One of my favorite holiday movies is Frank Capra’s last film, Pocketful of Miracles. Starring Glenn Ford and Betty Davis, this film is a wonderfully corny, heart-warming film, and measures up to the Capra-Corn that for which Capra films are known. It is a worthy companion to his It’s A Wonderful Life.

Why is this film so great? First off, it’s a Damon Runyon mashup of the Cinderella story, with the twist that the Cinderalla of the film is an old street woman, played to perfection by Bette Davis. Throw in a twist where the hero of the piece is a bootlegger and club owner, played with marvelous desperation by Glenn Ford. Runyon, Davis, Ford, holidays; a guaranteed winner.

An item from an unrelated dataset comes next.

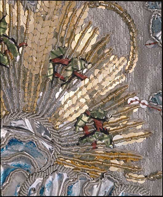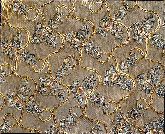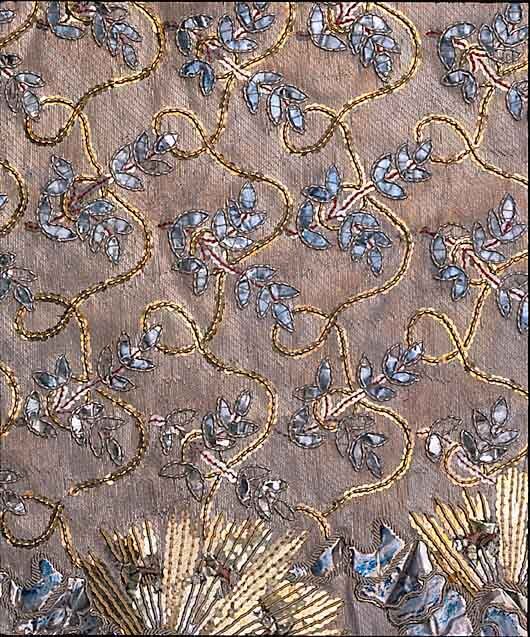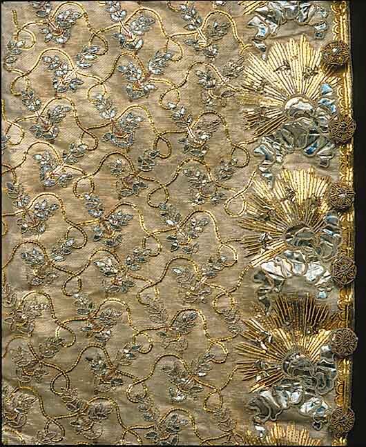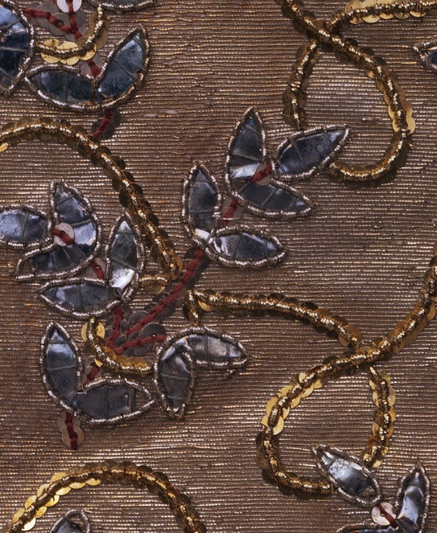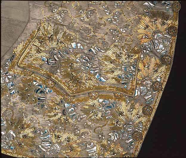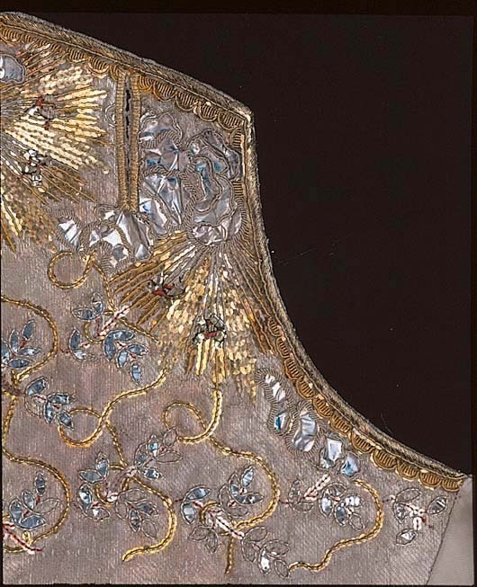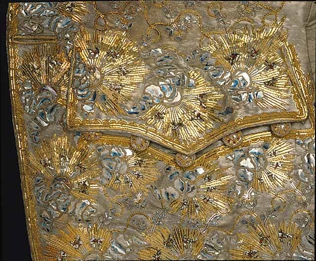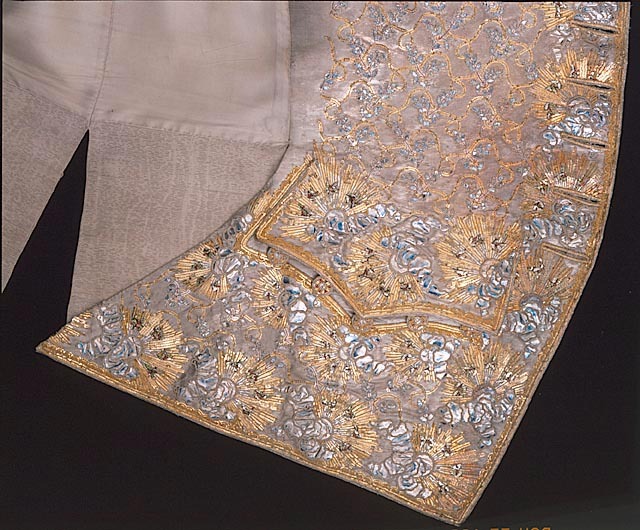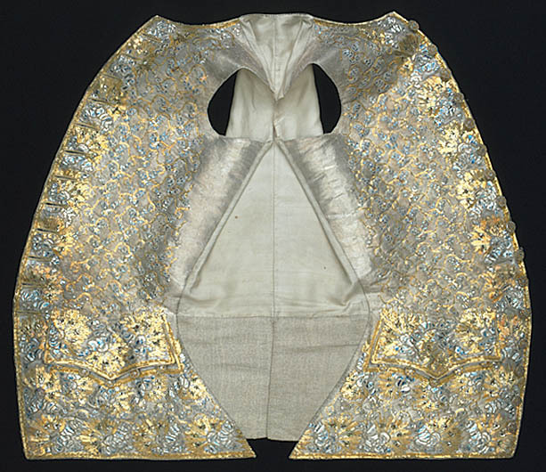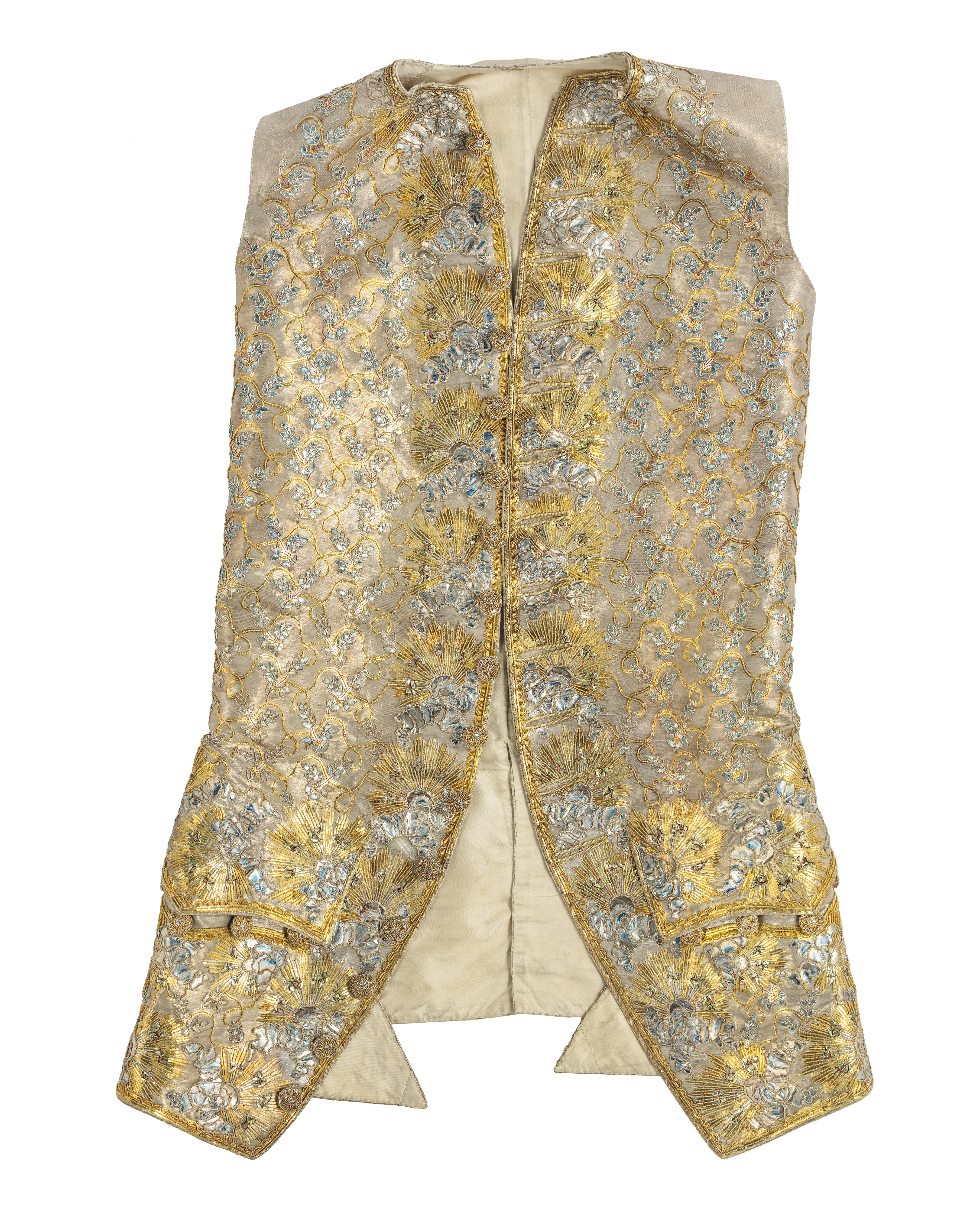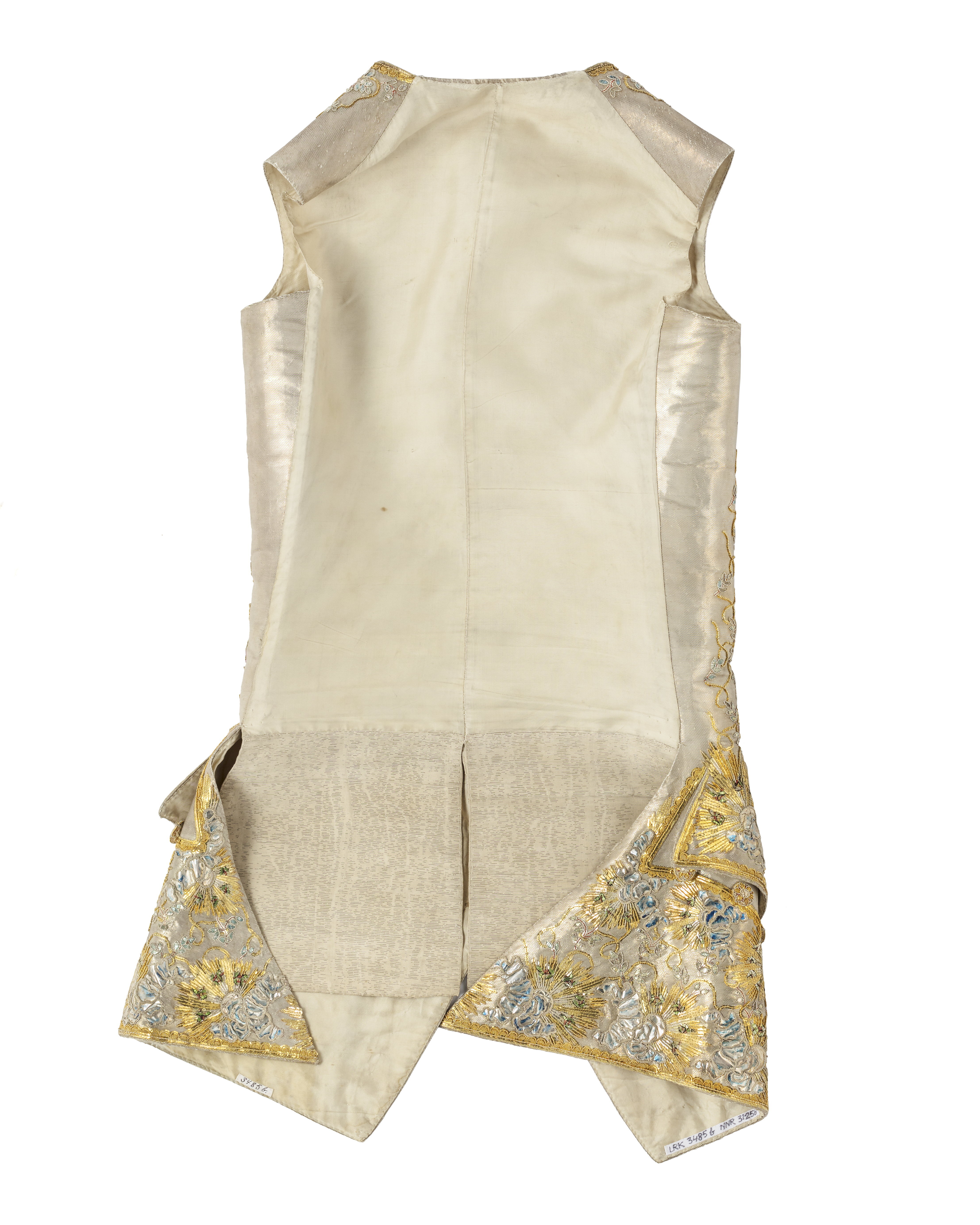 Använd vid bröllopet den 4/11 1766. Modellen är lång, kroppsnära och öppen nedtill med markerade ficklock. Under dessa en trekantig ficköppning och fem knappar som delvis döljer sig under ficklocken vilka inte är tänkta att kunna knäppas, utan bara för syns skull. Ficklockets broderi är påsytt efter det att ficklocken satts på plats. Kvaliteten på tyget är mycket hög. Ett kypertvävt broderat silvertyg. Samma botten som byxtyget. Skörten är spetsiga och bak är de i ett enklare tyg än framtill. Framstycket är helt täckt av en broderad yta guldslingor, bladkvistar med blad i blå metallfoie, slingor av guldpaljetter, kantiljer. Bård längs med framkanten och nederkant av moln i blå folie och stora guldstrålar som riktas uppåt längs framkanten och snett liggande längs nederkanten. Mönsterrapporten ca 8,5 cm (lika som den mindre varianten på rocken). Yttersta kanten framtill utanför broderiet är försedd med en dubbel rad guldkantiljer och paljetter emellan. På höger framstycke sitter 16 knappar, den översta 4 cm från halsen och därefter med 4,5 cm mellanrum till 4,5 cm, från nederkanten. Det finns 12 knapphål, 4 cm långa, med guldtrådskanter och på fodersidan sydda med sysilke. De är parrallella med halslinjen dvs riktade snett uppåt. Under ficklocken sitter fem knappar som ej kan knäppas. Fodret är tillskuret som västens yttertyg. Stora hällor till byxknapp sitter fast i sidorna på västen.

Throw in the fact that it seems like MGM emptied its lot to provide the cast for this film. I’ve written a few posts about those character actors that make you jump and shout, “Oh! I recognize him/her from ……..!” This film is loaded with those actors. Here’s a list of who’s who in the movie:

Jack Elam – wall-eyed actor known for Support Your Local Sherrif/Gunfighter
Arthur O’Connell – Anatomy of a Murder; Bus Stop
Peter Falk – Columbo
Thomas Mitchell – Uncle Billy, in It’s A Wonderful Life
Edward Everett Horton – too numerous to try to pull up, but my favorites are his supporing roles in Astaire/Rogers pics.
Mickey Shaughnessy – Elvis’s mentor in Jailhouse Rock
Sheldon Leonard – Nick the bartender, It’s A Wonderful Life
Jerome Cowan – the prosecuting attorney in Miracle on 34th St.
Ellen Corby – Shane, Sabrina, The Waltons
Grace Lee Whitney – Yeoman Rand in the original Star Trek

And then, to top it off, just as Pocketful of Miracles was Capra’s last film, it was the first film for a young ingenue, looking to break into the movies, and making her first appearance on the silver screen: Ann-Margaret.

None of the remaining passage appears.